Client is responsible for safeguarding the rights of data subjects. If a data subject contacts steadybit directly, steadybit shall forward this request to Client. However, in light of the nature of the processing, steadybit will, where possible, support the Client, at Client's request and expense, with appropriate measures to comply with its obligation to respond to requests for the exercise of the data subject rights referred to in Chapter III of the GDPR. The respective costs and efforts incurred by steadybit shall be reimbursed by Client.


8.          Assistance in Complying with Client's Obligations

Taking into account the type of processing and the information available to steadybit, steadybit shall, at the Client's request and expense, assist Client in complying with its obligations under Articles 32 to 36 GDPR. steadybit undertakes to forward to Client any enquiries from the data protection supervisory authorities. steadybit shall support Client in the preparation of necessary data protection documentation and in responding to enquiries from data protection supervisory authorities. The respective costs and expenses incurred by steadybit are to be reimbursed by the Client.

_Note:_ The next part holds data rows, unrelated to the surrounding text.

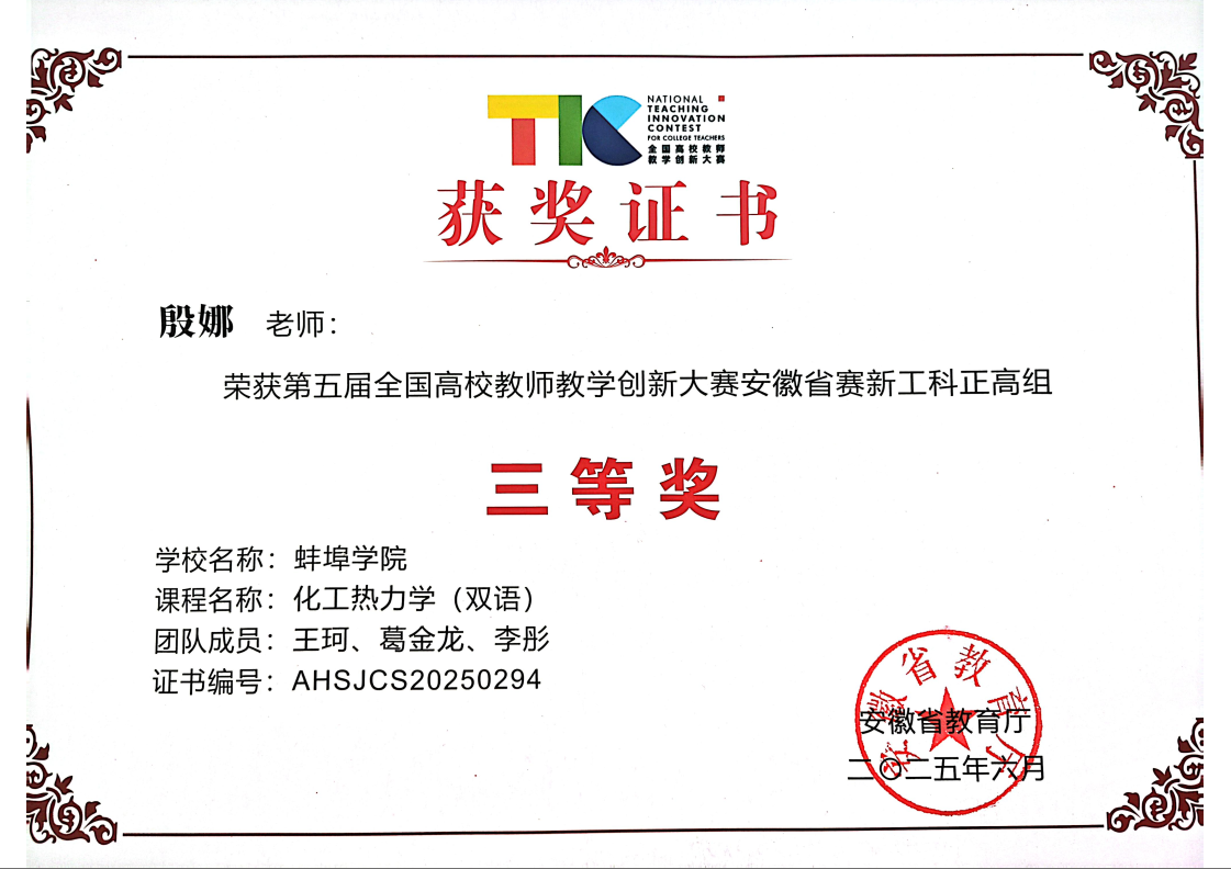近日,第五届全国高校教师教学创新大赛安徽赛区比赛结果揭晓,材料与化学工程学院殷娜教授领衔的教学团队,凭借其精心打造的《化工热力学(双语)》课程,在激烈的竞争中脱颖而出,荣获安徽省新工科正高组三等奖。这一奖项不仅是对殷娜教授团队教学创新能力的认可,更彰显了我校在新工科建设与双语教学融合探索中的显著成效。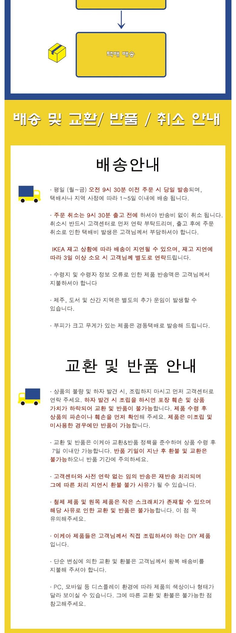 - ㆍ교환/반품에 관한 일반적인 사항은 판매자가 제시사항보다 관계법령이 우선합니다.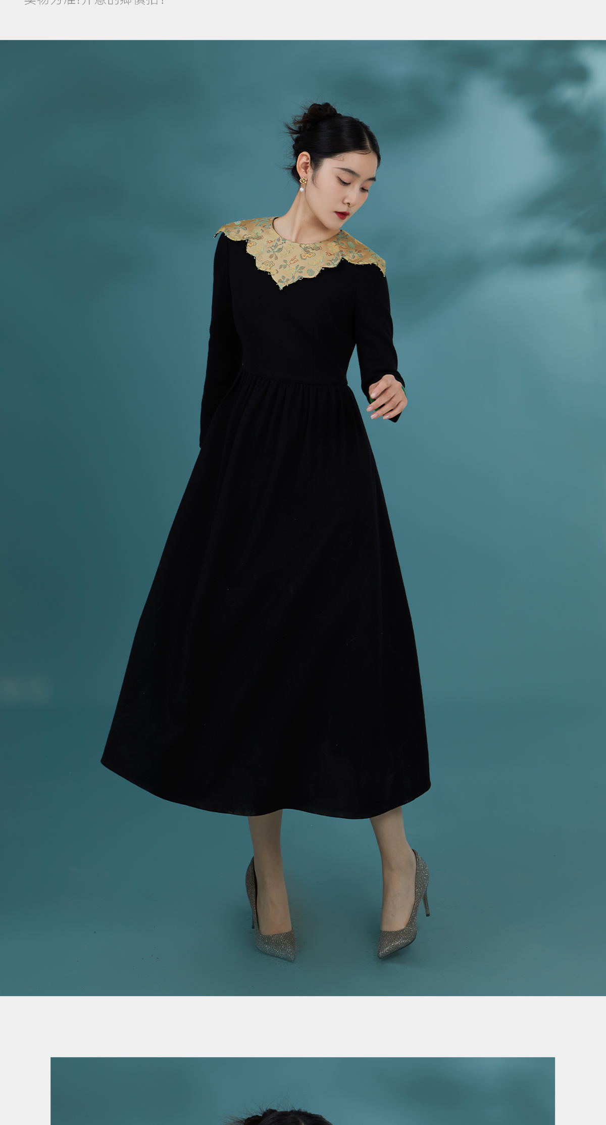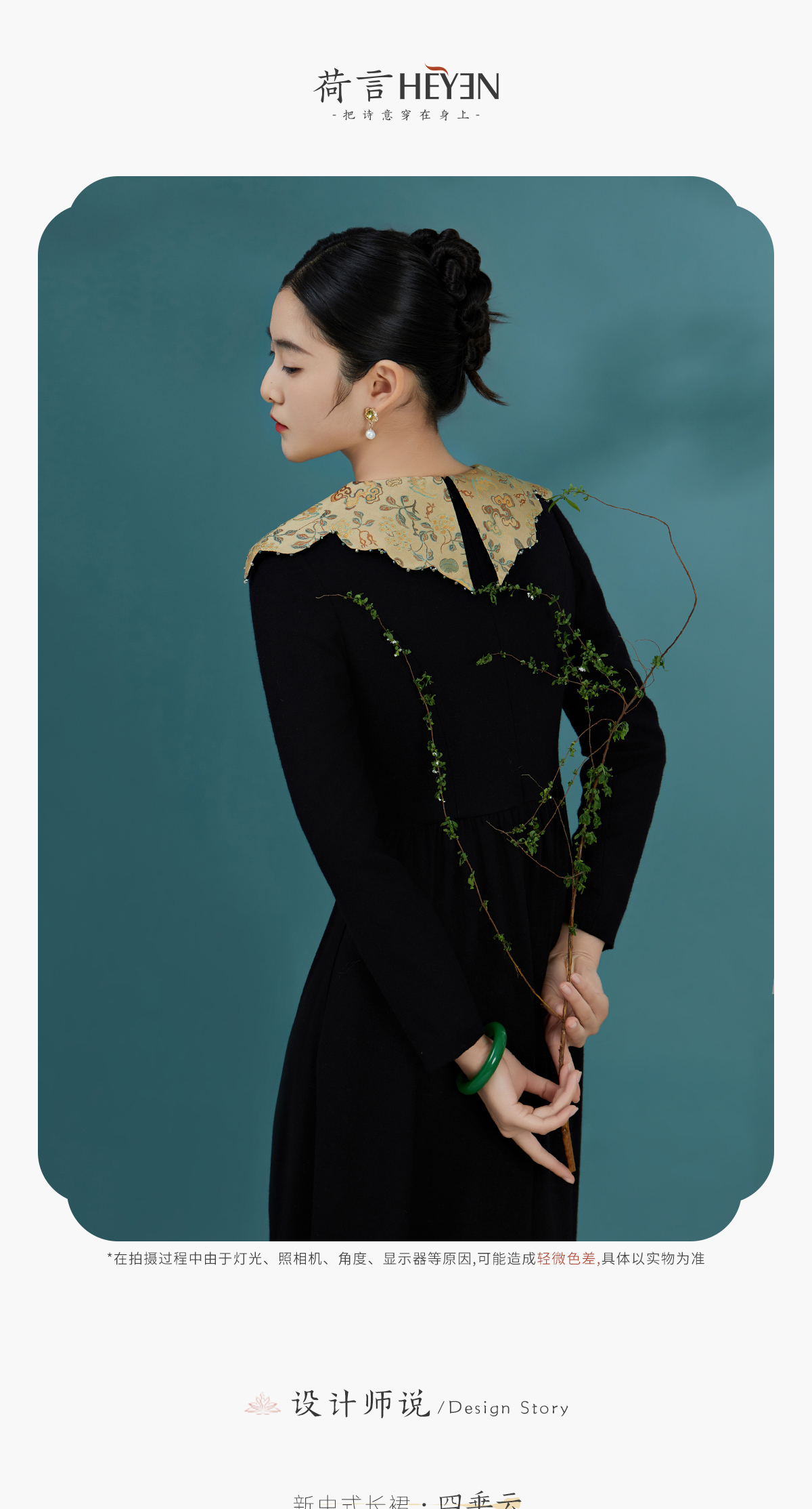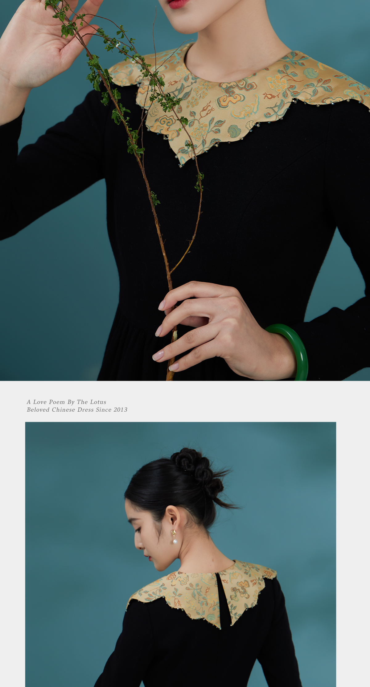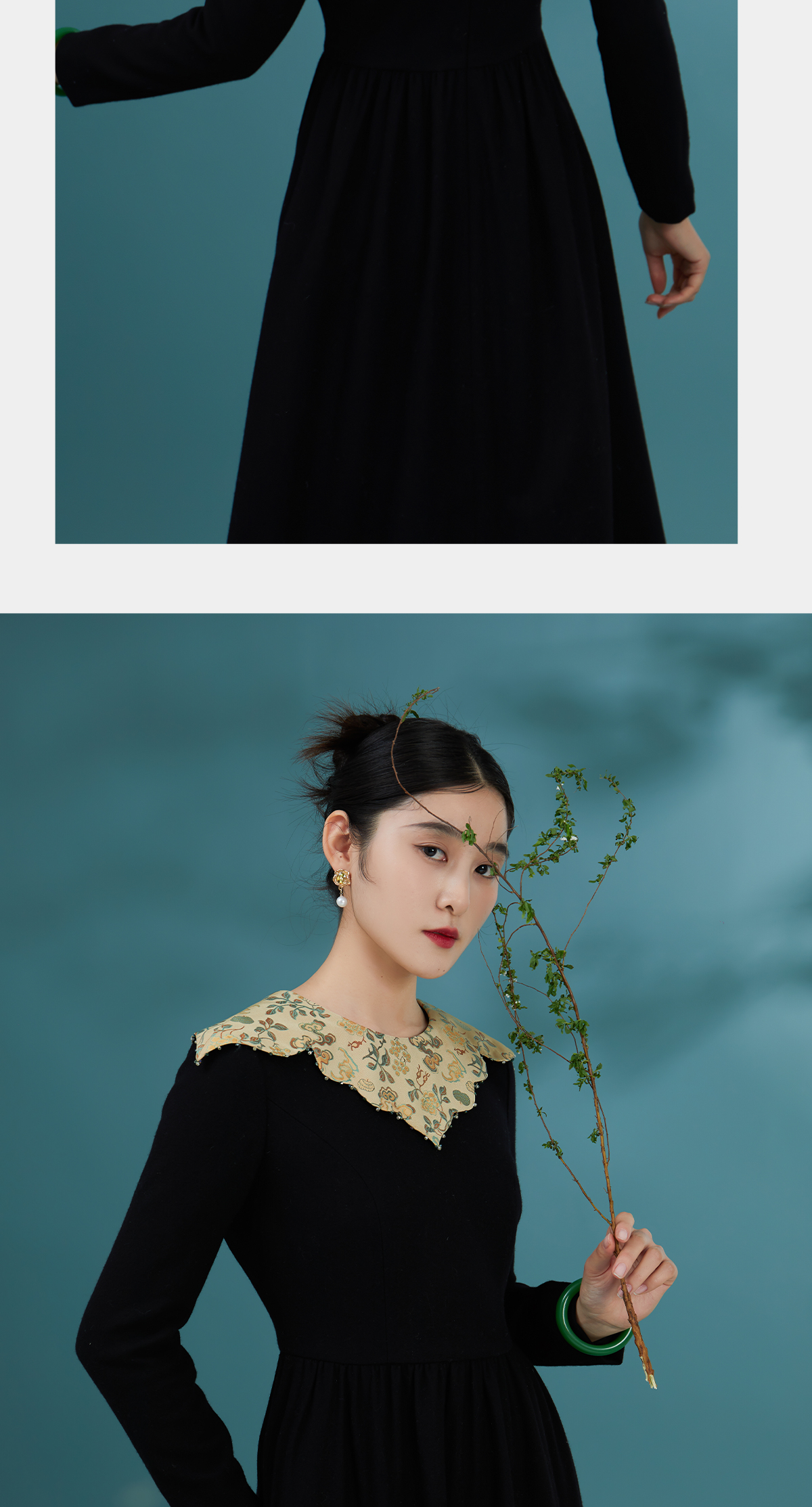 荷言GL 四垂云 非遗宋锦云肩假两件黑色羊毛连衣裙秋冬保暖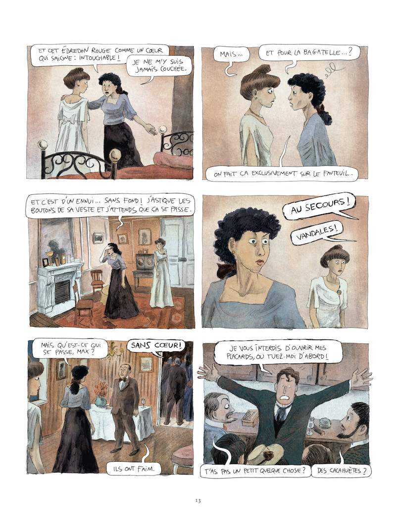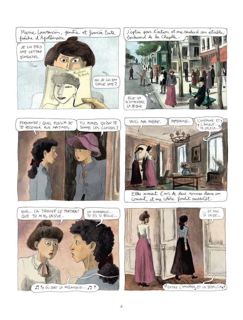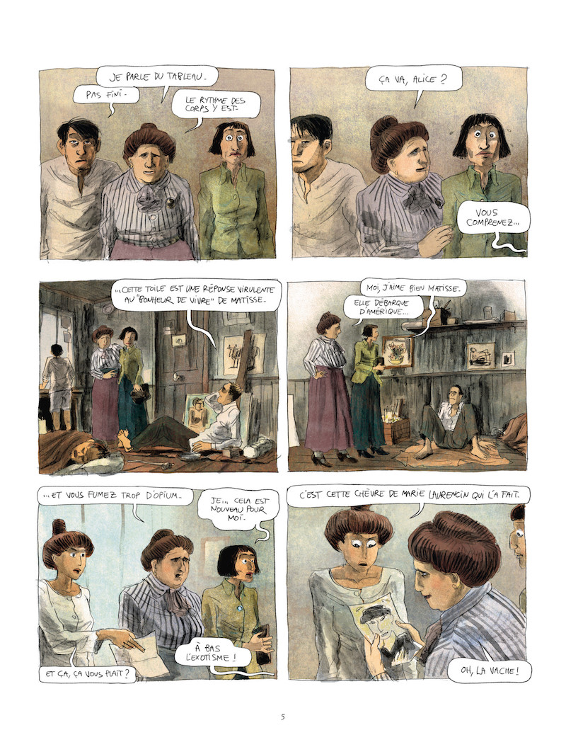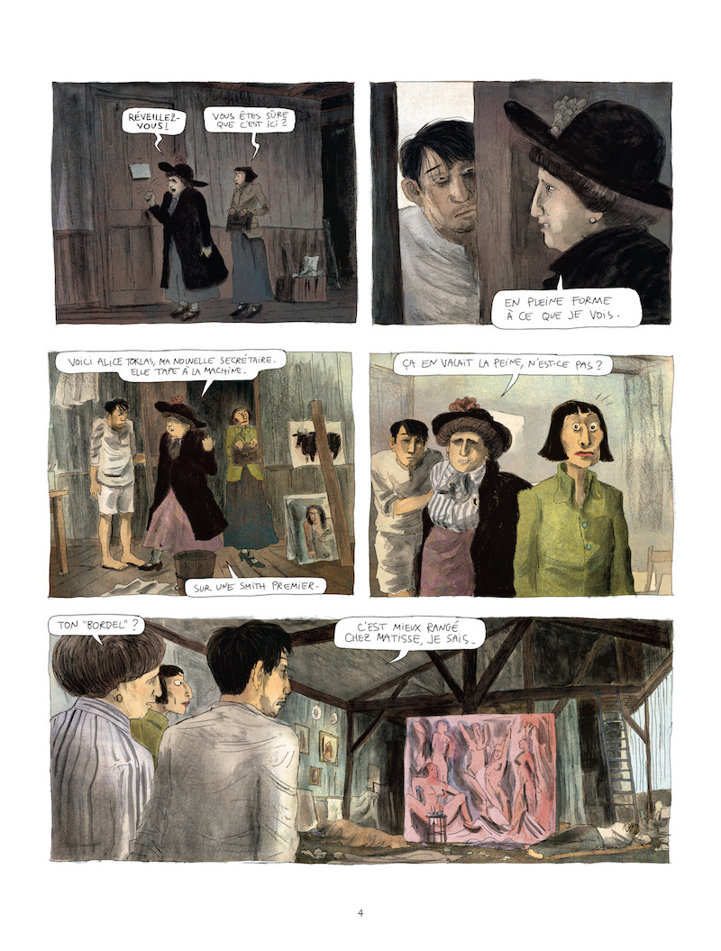 Les 4 tomes déjà parus de cette saga artistique voient Picasso côtoyer Max Jacob, Apollinnaire, Matisse et tous ceux qui ont fait l’art du XXe siècle. Georges Braques par ici, la collectionneuse Gertrude Stein par là, des noms devenus illustres constituent le quotidien d’un immigré espagnol rustre mais déterminé. Le dessinateur Clément Oubrerie lui accole d’éternels yeux grands ouverts sur le monde comme preuve de sa résolution et la scénariste Julie Birmant lui adjoint une héroïne féministe avant l’heure, Fernande, premier grand amour de sa vie. Ces deux là s’aiment et se haïssent, s’attirent et se repoussent. L’histoire d’amour devient un fil rouge des premières années parisiennes où les noms de rue raisonnent comme des endroits mythiques. La Butte Montmartre n’est qu’un terrain en friche où le Bateau Lavoir trône comme un navire échoué dans les potagers.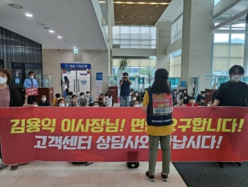 고객센터 직영화를 요구하며 전면 파업에 나선 건보공단 고객센터 노동자들이 갑작스레 단식을 시작한 김용익 건보공단 이사장을 규탄하고 나섰다. 김 ...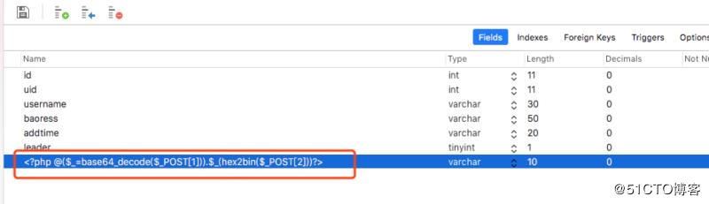 這代碼不就是被注入的表里的字段嗎,上面這段代碼大概意思為:把post請(qǐng)求的兩個(gè)參數(shù),一個(gè)用base64解密,一個(gè)用hex2bin轉(zhuǎn)成16進(jìn)制,然后拼接在一起,應(yīng)該是把操作數(shù)據(jù)庫(kù)的語(yǔ)句加密傳過(guò)來(lái),然后解密,這樣就不會(huì)被攔截掉。如果哪位博友認(rèn)為解釋的有誤,一定要提出來(lái)。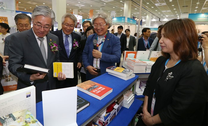 (서울=포커스뉴스) 김종덕 문화체육관광부 장관이 15일 서울 강남구 코엑스에서 열린 ‘제22회 서울국제도서전 및 제3회 디지털북페어코리아 개막식‘을 마치고 내빈들과 함께 관계자의 안내로 전시장을 둘러보고 있다. <사진제공=문화체육관광부>

9.          Deletion or Return

At the end of the term of this DPA, steadybit shall delete or hand over the Client Data to Client, in accordance with Client’s instructions, unless steadybit is under an obligation to store the personal data under EU law or the law of the Member States. The fulfilment of the aforementioned obligation shall be confirmed to the Client in text form upon request. If additional costs are incurred due to the return or deletion of the data, these shall be borne by Client. Insofar as an obligation to store personal data exists under EU law or the law of the Member States, steadybit shall inform the Client thereof, indicating the data or categories of data concerned. Steadybit’s legal storage obligations under German trade and tax laws remain unaffected and are hereby deemed to have been notified to the Client.


10.       Audits

steadybit shall provide Client with all information necessary to demonstrate compliance with the obligations set out in Art. 28 GDPR and shall enable and contribute to audit (including inspections) carried out by Client or another auditor commissioned by Client. Inspections shall be limited to one (1) inspection in a period of twelve months and to a reasonable extent. If, in individual cases, inspections by Client or an auditor commissioned by Client should be necessary, these shall be carried out during steadybit’s normal business hours without disrupting operations, and only subject to prior notification, taking into account a reasonable lead time. steadybit may make the inspection dependent on prior notification with a reasonable lead time and on the signing of a customary confidentiality agreement with regard to the data of other customers, the technical and organisational measures set up and other confidential information of steadybit. If the commissioned auditor is in a competitive relationship with steadybit, steadybit shall have a right of objection. The expenses incurred by steadybit as a result from Client’s audit are to be reimbursed by Client.